I reckon so, and I’m not alone. The delay, and even the chatter and conjecture around the show’s returning cast, only heightens anticipation. Those kinds of strictures just build creative pressure, and odds are it’ll burst out in interesting and messy ways.

That’s the appeal of Yellowstone in a nutshell—it’s a melodrama. It’s not soapy—although I like to think of it as Dallas with AR-15s—it’s pulpy. It’s heightened and histrionic, never cleaving to mere “realism” when there are bigger beats to be hit. Everything about it is big—big actors playing big characters, giving big performances under big Montana skies.

The emotions in play are towering; every betrayal cuts like a knife, every grievance worthy of a blood feud, every act of violence explosive and heavy with consequences (for all that, Yellowstone is almost bloodless compared to 1883, an absolute slaughterhouse of a series). It’s Shakespearean—not just in that the dynastic tussles over the ranch invoke King Lear, but also in that Sheridan, like ol’ Will, was never afraid to play to the cheap seats.

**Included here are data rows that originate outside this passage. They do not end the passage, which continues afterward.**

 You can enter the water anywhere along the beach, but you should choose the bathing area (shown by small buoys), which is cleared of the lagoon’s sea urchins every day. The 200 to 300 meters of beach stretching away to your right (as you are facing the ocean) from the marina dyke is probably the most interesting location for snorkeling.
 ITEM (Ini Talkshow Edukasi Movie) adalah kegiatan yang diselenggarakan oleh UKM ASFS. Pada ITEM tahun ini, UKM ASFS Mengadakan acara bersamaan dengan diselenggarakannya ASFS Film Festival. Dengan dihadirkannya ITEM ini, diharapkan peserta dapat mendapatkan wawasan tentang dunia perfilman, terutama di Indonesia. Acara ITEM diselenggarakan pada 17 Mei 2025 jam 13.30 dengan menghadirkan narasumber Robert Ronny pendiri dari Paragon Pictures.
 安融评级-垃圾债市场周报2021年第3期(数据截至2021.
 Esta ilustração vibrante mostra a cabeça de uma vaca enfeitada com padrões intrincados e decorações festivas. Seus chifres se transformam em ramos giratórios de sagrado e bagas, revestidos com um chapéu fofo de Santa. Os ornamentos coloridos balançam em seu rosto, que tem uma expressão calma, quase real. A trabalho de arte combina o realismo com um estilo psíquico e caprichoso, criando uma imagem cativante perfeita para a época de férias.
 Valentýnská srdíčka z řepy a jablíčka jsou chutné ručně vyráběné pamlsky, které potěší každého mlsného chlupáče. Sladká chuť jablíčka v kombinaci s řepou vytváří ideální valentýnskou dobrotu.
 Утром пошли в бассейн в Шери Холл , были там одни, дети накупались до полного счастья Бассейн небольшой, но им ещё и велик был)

It’s popular, and that can be confused with populist; Yellowstone is sometimes dismissed as a series for flyover country and red states, but the way it both deifies and interrogates the foundational myth of the American west is complex and arresting.

And if that’s too much for you, there are gunfights on the reg and the occasional gag about a cowhand having to jack off a horse (no, really). It is vast; it contains multitudes.